THE PRESIDENT: OK, you ready Sergeant?

FREEDOM®-FIGHTER: Sir, yes sir!

THE PRESIDENT: Then let's roll!

FREEDOM®-FIGHTER: Sir, yes sir!

[Begin Jogging.]

THE PRESIDENT: Well I'll be damned. You really can run on them little boomerang things!

FREEDOM®-FIGHTER: Sir, yes sir!

THE PRESIDENT: That is really cool, Sergeant. I can't believe how you don't even need to put shoes on them. It must be nice not to have to buy new sneakers anymore.

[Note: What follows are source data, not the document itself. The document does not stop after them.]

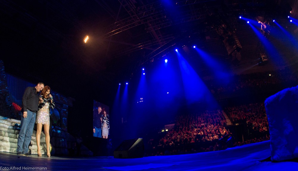 Atlantis Finale HalleWestfalen Gerry Weber Stadion Ausverkaufte Gerry weber Stadion beim Tourfinale von Atlantis in Halle/W. Mit Verspätung, weil man die Sommerzeit nicht eingeplant hatte, ging die Show los und es wurde eine schöne Abschlußshow. Die Crew hatte viele Andreafiguren verteilt, was Andrera dann überraschte und es gab einige weitere Abweichungen im Programm. |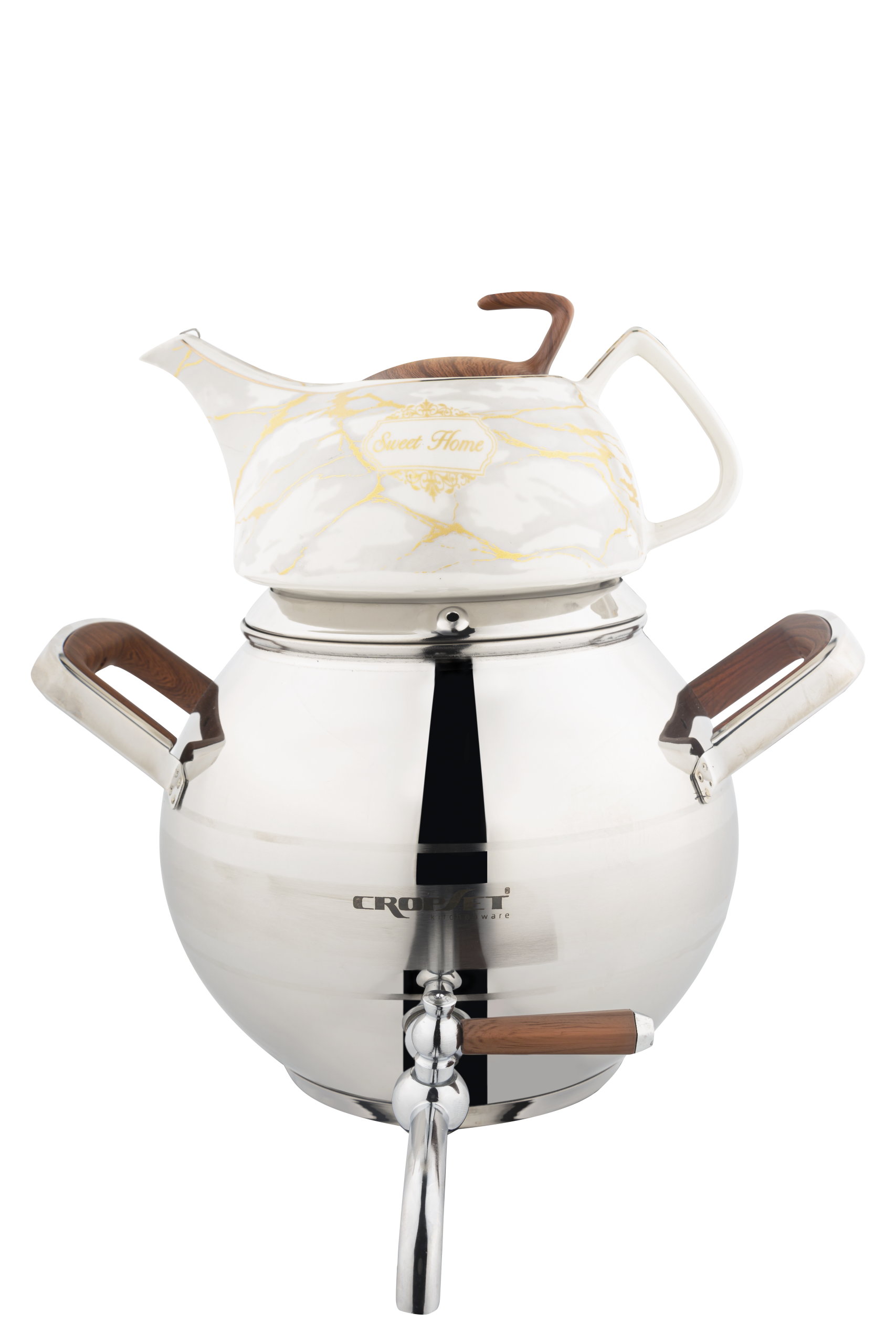 کتری و قوری استیل نقره ای براق کروپ ست مدل کیانا کد 801 با ظرفیت 5 لیتر، یک انتخاب خاص و خوش ساخت برای خانواده هایی است که هم کیفیت برای آن ها مهم است، و هم زیبایی ظاهر.
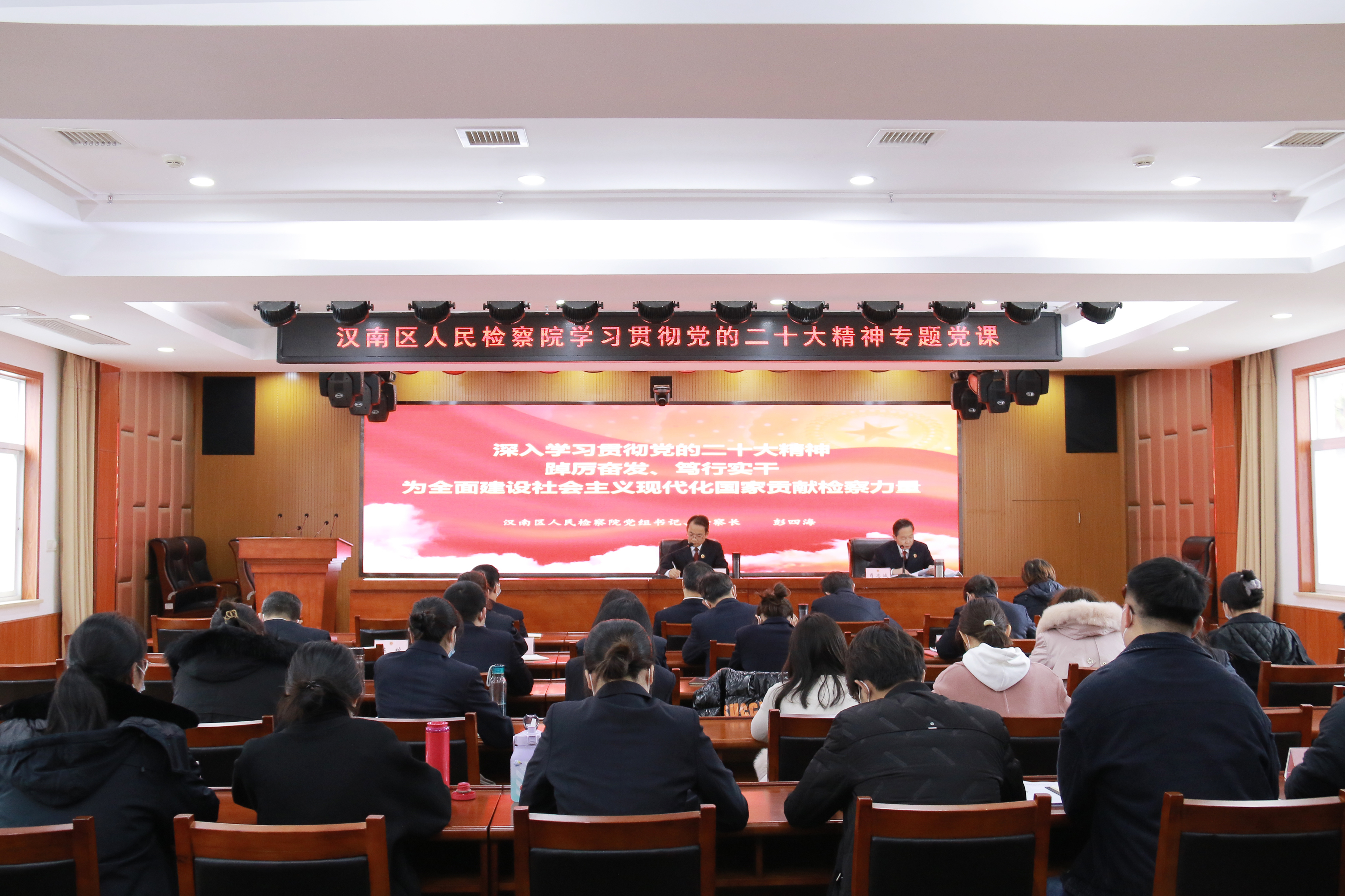 本网讯(通讯员:薛婉云)为深入学习宣传贯彻党的二十大精神,把全院干警的思想和行动统一到党的二十大各项决策部署上来128日,汉南区检察院党组书记、检察长彭四海以《踔厉奋发、笃行实干 为全面建设社会主义现代化国家贡献检察力量》为题给全院干警上了一堂主题鲜明、内涵丰富的专题党课。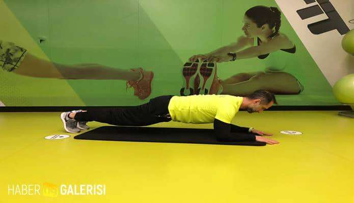 Hareketin Yapılışı: Dirseğin omzunun tam altında kalacak şekilde ayaklarını destek noktası olarak kullanıp bedenini yerden kaldır ve zamana karşı bekle. Yandan bakıldığında kalçan omzun ve kulakların aynı çizgide olsun. Üç kez 20-60 saniye arası tekrarla, her set arası 45-60 saniye dinlen.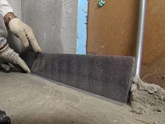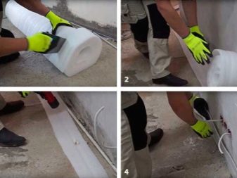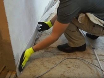إذا كانت هناك طبقة لاصقة على الشريط ، فيكفي فقط الضغط عليها بالجانب اللاصق على الحائط على طول محيط الغرفة بالكامل. الخيار مع “تنورة” ، الانحناء على الأرض مثل هذا, بحيث لا يمكن أن يسقط أي سائل (رطوبة) تحته.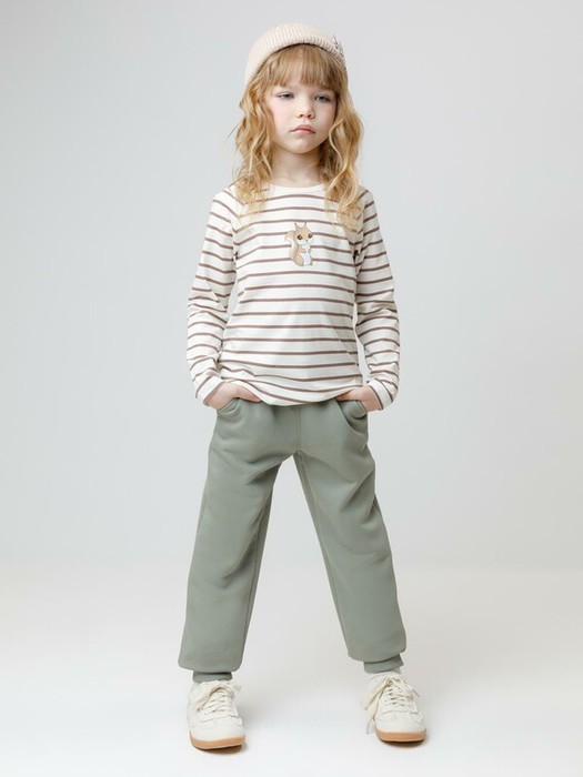 Брюки для девочки из мягкого футера с начёсом. Модель с эластичным поясом на резинке регулируется по ширине с помощью шнурка. Низ на манжетах. Два кармана по бокам. Все трикотажные полотна производятся в соответствии с нормами швейцарского сертификата ЭкоТекс.

FREEDOM®-FIGHTER: Sir, yes sir!

THE PRESIDENT: Hey, remember that day we met in the hospital? The day you asked me if I'd go jogging with you? And I said yes?

FREEDOM®-FIGHTER: Sir, yes sir!

THE PRESIDENT: Well I gotta admit, I figured that was just another one of my bullshit empty promises. There were cameras in the room with us, after all. I mean, here you were, all freshly stumpy, talking about running? I bit my tongue so hard to keep from laughing, I was lisping like a fairy for almost a week. You know what I mean?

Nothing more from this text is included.